For the Boston Pride, Haley Skarupa recorded a even 1 point-per-game in her five games with the team this year. In Buffalo, Hayley Scamurra matched Skarupa’s 1 point-per-game across 14 games played. And in Connecticut, three-year team veteran Kelly Babstock led the way at 0.643 points-per-game. The league needs to keep a major eye on Babstock next year, who despite a career low shooting percentage of 5.6% still led the team in points, and the league in shots on goal.

Overall, we have a data sample size of 44 players who appeared in the league this year and last, and played at least 5 games this season. Here is how the model shaped up:

In the chart above, the dashed line running diagonal represents an x=y line, meaning any player who fell on this line had their projection match their actual output. Players below the line were over projected by the model, while players above the line were under projected by the model.

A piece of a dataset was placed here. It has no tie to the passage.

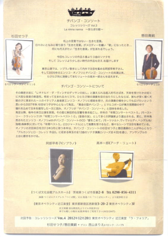 2011年8月21日(日) 13時30分開場 14時開演 新宿オペラシティ3階 近江楽堂 全席自由 3,000円(税込) 後援:日本イタリア古楽協会 チケット販売 新宿オペラシティチケットセンター Tel 03-5353-9999 お問い合わせ チバンゴ・コンソート Tel 03-3407-9921 |

We can also display this in raw differences, if we take a look at Actual minus Projected:

This chart does a better job really showing how much the Riveters broke the model this year.

As anticipated, and welcomed, the players really broke the model this year. This is great news for next year’s iteration. We’ll be able to add more data, and the model can ‘learn’ to better project player output. Let’s see how much better we do in 2018-2019. Get your fantasy leagues ready!